James M. McDonald連邦検事の指名表明——トランプ大統領がTruth Socialに投稿したのは、その一文だけだった。経歴も担当地区も、まだ何も明かされていない。それなのに、司法関係者の間では早くもざわつきが起きている。
十数名、すでに刷新済み——トランプ司法省人事の規模
第二期トランプ政権が発足して以来、連邦検事ポストの人事刷新は十数名規模に達している。連邦検事というのは、連邦政府の刑事訴追を担う現場指揮官のような立場だ。何を捜査し、誰を起訴するかの優先順位を実質的に決める権限を持つ。政権の意向が「捜査対象の選択」という形で反映されやすい、極めて政治色の強いポストでもある。
過去の政権でも就任当初の人事刷新はあった。
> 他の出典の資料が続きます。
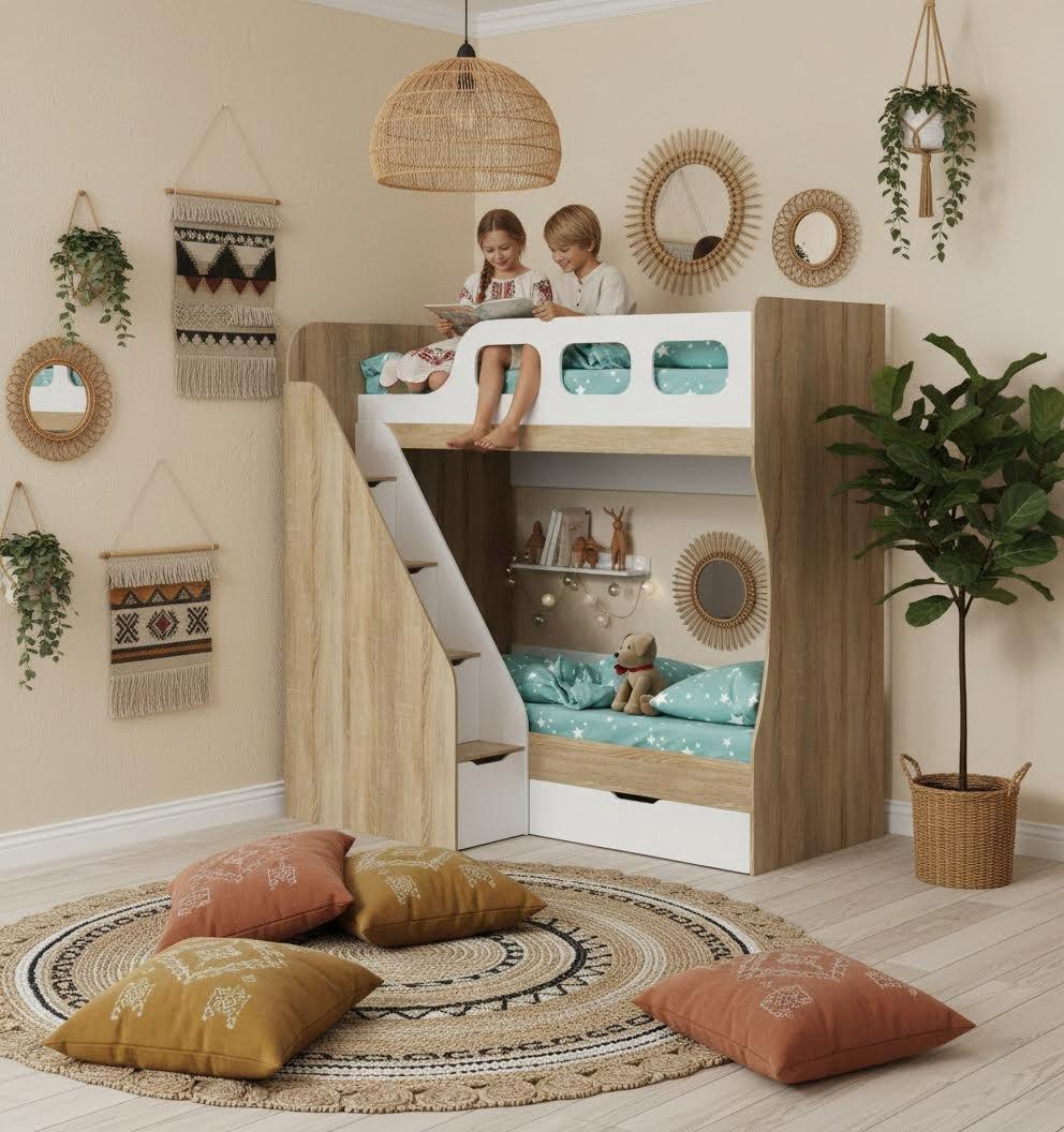 * В нижнюю кровать встроен выдвижной ящик для белья и игрушек.

ただ今回は、交代のペースと人数がこれまでと比べてかなり速い。しかも指名された人物の多くが、政権との距離の近さで知られている点が注目されてきた経緯がある。
「ジェームズ・M・マクドナルド氏を連邦検事に任命する意向を発表できることを嬉しく思います」——Donald J. Trump(Truth Social)
投稿はこれだけ。マクドナルド氏がどの地区を担当し、どんな経歴の持ち主なのかは現時点では不明だ。ただ、指名が上院で承認されれば、その地区の連邦捜査・訴追の方向性が変わりうることは間違いない。
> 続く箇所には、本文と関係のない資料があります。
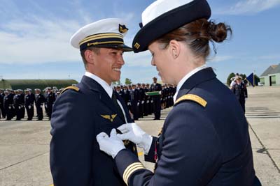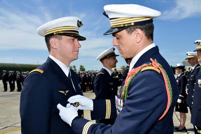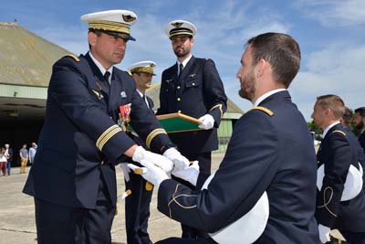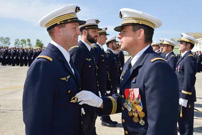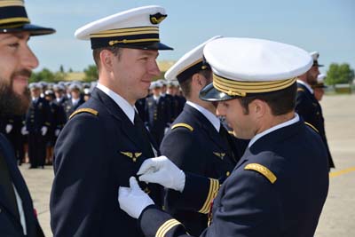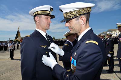 accroche la médaille de l’aéronautique sur le fanion du CIEH.

「司法の独立性」vs「行政の人事権」——どこまで許されるのか
連邦検事は大統領が指名し、上院が承認する仕組みになっている。つまり制度上は、政権が人事を動かすこと自体は合法だ。問題は、その人事が特定の捜査を止めたり、逆に政敵への捜査を加速させるために使われているのではないか、という疑念が生まれやすい点にある。
トランプ司法省人事をめぐっては、野党・民主党だけでなく、法曹界からも懸念の声が上がってきた。「政治任用ポストである以上、政権の意向が反映されるのは当然」という擁護論と、「検察権の独立が失われれば法の支配そのものが揺らぐ」という批判論が、真正面からぶつかっている状況だ。
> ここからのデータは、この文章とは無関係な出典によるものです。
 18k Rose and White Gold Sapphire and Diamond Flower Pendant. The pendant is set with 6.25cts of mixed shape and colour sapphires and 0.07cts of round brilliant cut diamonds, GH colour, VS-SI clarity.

米国連邦検察の独立性を巡る議論は、ウォーターゲート事件以来何度も繰り返されてきた。それが今、また表舞台に出てきた、という感じがある。
この先どうなる
マクドナルド氏の指名は上院での承認手続きに進む見通しだ。担当地区が明らかになれば、そこで進行中の捜査案件との関係性が一気に注目を集める可能性がある。与党・共和党が上院多数を握る現状では、承認そのものが覆る可能性は低い。ただ、公聴会での質疑でどんな経歴と考え方が明らかになるかは、今後の焦点になりそうだ。トランプ司法省人事の刷新はまだ続くとみられており、司法の独立性を巡る議論はこれで終わらないだろう。